En droit, on peut commettre un acte illégal, mais on ne peut pas être illégal. L’idée même d’un « être illégal » est une absurdité juridique.
Le Conseil constitutionnel a d’ailleurs rappelé, dans une décision de 1993, que le principe de légalité des délits et des peines doit respecter l'article 8 de la Déclaration des droits de l'homme et du citoyen de 1789 :
" La Loi ne doit établir que des peines strictement et évidemment nécessaires,
et nul ne peut être puni qu'en vertu d'une Loi établie et promulguée antérieurement au délit, et légalement appliquée"
Cet article souligne deux principes fondamentaux du droit pénal :
La nécessité des peines : Les peines doivent être strictement nécessaires, ce qui signifie qu'elles doivent être proportionnées à l'infraction commise.
Le principe de légalité : Nul ne peut être puni sans qu'une loi ait été établie et promulguée avant le délit. Cela garantit que les individus ne peuvent être sanctionnés que pour des actes qui étaient illégaux au moment où ils ont été commis.
"Ces exigences ne concernent pas seulement les peines prononcées par les juridictions répressives mais s'étendent à toute sanction ayant le caractère d'une punition même si le législateur a laissé le soin de la prononcer à une autorité de nature non juridictionnelle."
Un immigre illégal par essence, ça n’existe pas !
Prenons un autre exemple.
Une femme enceinte, ayant fui la guerre ou la misère, traverse des frontières pour rejoindre la France. À son arrivée, elle n’a pas de papiers en règle. Peu après, elle donne naissance à un enfant sur le sol français. La question se pose alors : son bébé est-il lui aussi en infraction ?
La réponse est non. En droit français, la loi ne reconnaît pas la transmission de l’« illégalité ». L’enfant n’a pas enfreint de loi, il n’a commis aucun acte répréhensible. Il est né, tout simplement. Et en vertu des principes fondamentaux du droit, l’innocence ne se présume pas, elle est un état de fait.
Historiquement, l’assimilation de certaines populations à une catégorie illégitime a eu des conséquences désastreuses. Les lois d’Octobre 1940 du régime raciste de Vichy avaient ainsi créé un « statut » spécifique pour les Juifs, les rendant indésirables non pour leurs actes, mais pour ce qu’ils étaient.
De même, la ségrégation raciale aux États-Unis reposait sur la criminalisation d’une simple appartenance ethnique.

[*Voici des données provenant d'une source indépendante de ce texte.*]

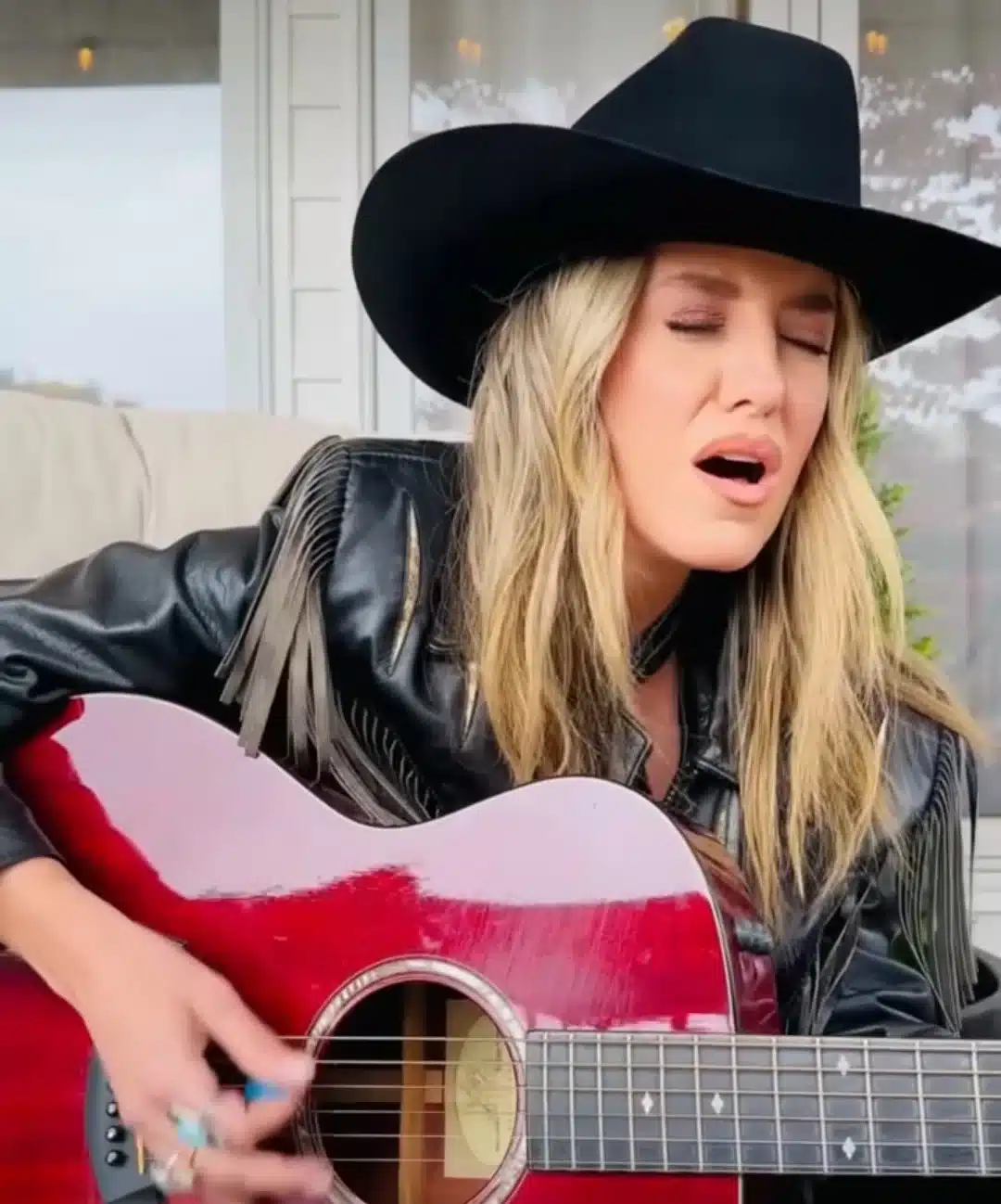 Sitting on a front porch illuminated by soft autumn light, Wilson looked every bit the country outlaw in a black fringe leather jacket, sleek black cowboy hat, and red acoustic guitar resting in her lap. The minimalist setup let her voice take center stage — smoky, emotive, and full of quiet ache.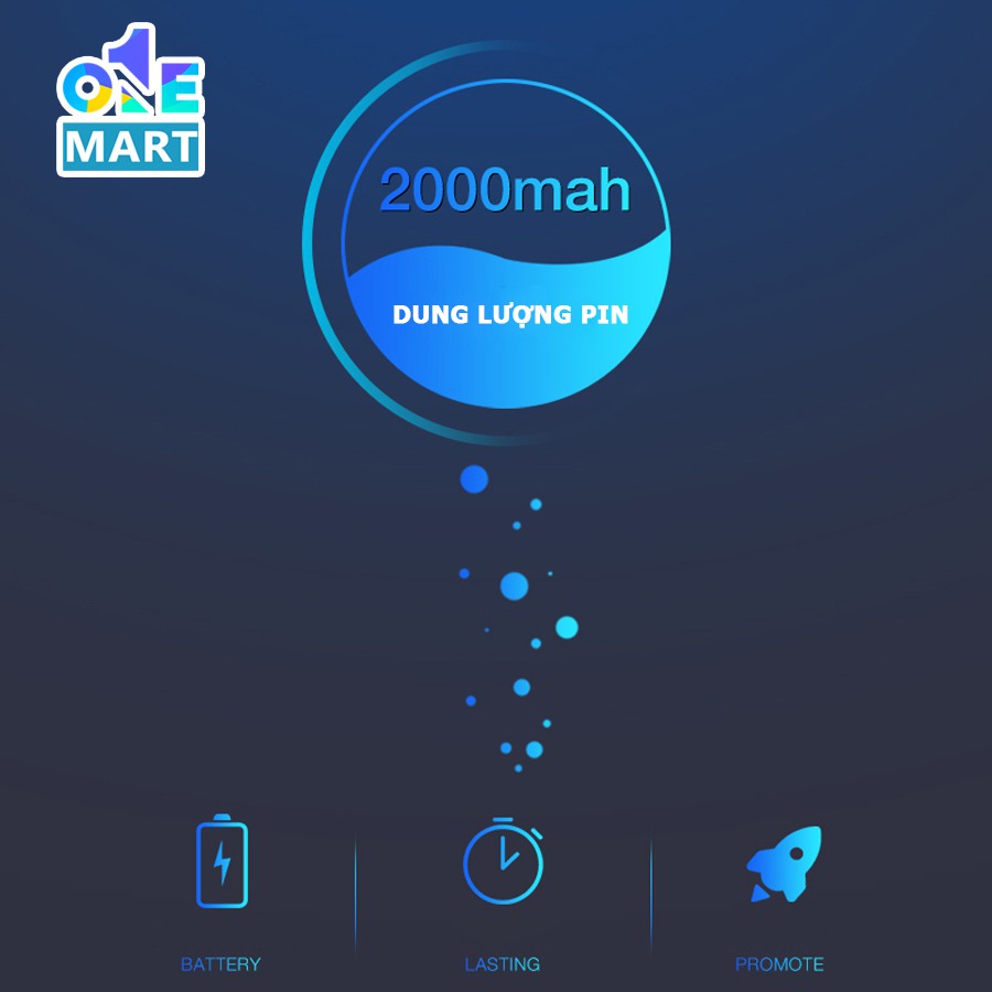 Dung lượng pin: 2000 mAh, có kèm cục sạc có thể sạc nguồn điện từ 100-240V, thời gian sạc 3-4 tiếng, thời gian sử dụng lên đến 2h.

Aujourd’hui encore, certaines politiques migratoires tendent à reproduire ces logiques en érigeant la présence d’un individu en infraction, alors même que le droit international, notamment la Déclaration universelle des droits de l’homme, garantit à chacun la liberté de circulation.
La notion d’immigré est une construction administrative
En somme, la notion d’immigré est une construction administrative, et l’idée d’une personne « illégale » est une aberration juridique et historique.
La décision de rendre une personne immigrée illégale repose souvent sur une démarche administrative plutôt que judiciaire. En effet, il s'agit généralement d'une décision prise par les autorités de l'immigration et non par un tribunal de justice. Cela implique que, contrairement à un délit clairement défini dans le cadre d'une procédure judiciaire, l'individu concerné ne peut pas toujours savoir précisément sur quoi repose cette décision. L'absence de clarification sur le “ délit " en question empêche ainsi de se défendre correctement lors d'un procès, ce qui va à l'encontre du principe d'un procès équitable dans un délai raisonnable.
L’humanité est une suite ininterrompue de déplacements et de brassages culturels. Vouloir figer ces dynamiques dans des catégories rigides revient à nier la fluidité de l’histoire et des sociétés.
Un immigré n’est jamais qu’un voyageur qui s’installe.
Et nous sommes tous, à un moment donné, les étrangers de quelqu’un d’autre.